3. Cost function and gradient descent

J = mean((-y).* log(sigmoid(X*theta))- (1-y).* log(1 - sigmoid(X*theta)));
grad = 1/m * X' * (sigmoid(X*theta) - y);

4. Learning Theta using fminunc

MATLAB's fminunc is an optimization solver that finds the minimum of an uncinstrained function. fminunc input:

  • The initial value of the parameters we are trying to optimize
  • A funtion computes the cost function and gradient
% Set options for fminunc
options = optimset('GradObj', 'on', 'MaxIter', 400);
% Run fminunc to obtain the optimal theta
% This function will return theta and the cost
[theta, cost] = ...
fminunc(@(t)(costFunction(t, X, y)), initial theta, options);

'GradObj', 'on': set fminunc that our function returns both the cost and the gradient.

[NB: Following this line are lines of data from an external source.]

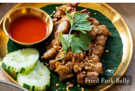
Fried Pork Belly
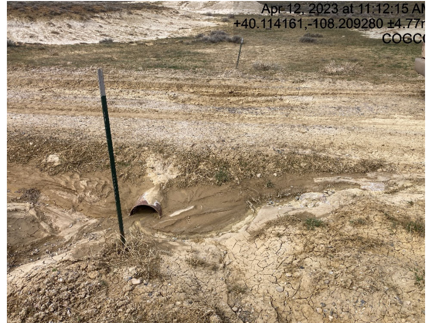
Inlet of culvert failing and sediment migration from access road
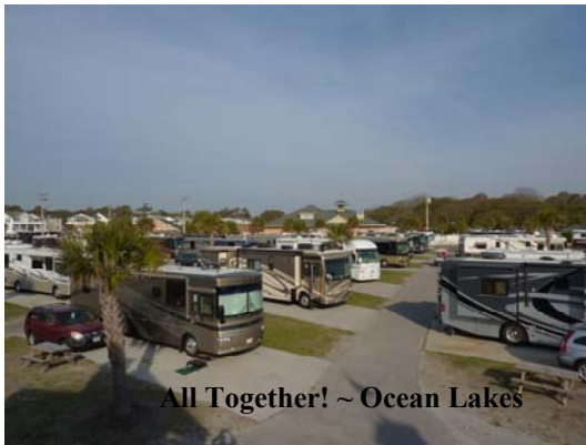
All Together! ~ Ocean Lakes

This allows fminunc to use the gradient when minimizing the function.

'MaxIter', 400: set fminunc run for at most 400 steps before it terminates.

@(t) ( costFunction(t, X, y) ): specify the actual function we are minimizing, creates a function, with argument t, which calls your costFunction.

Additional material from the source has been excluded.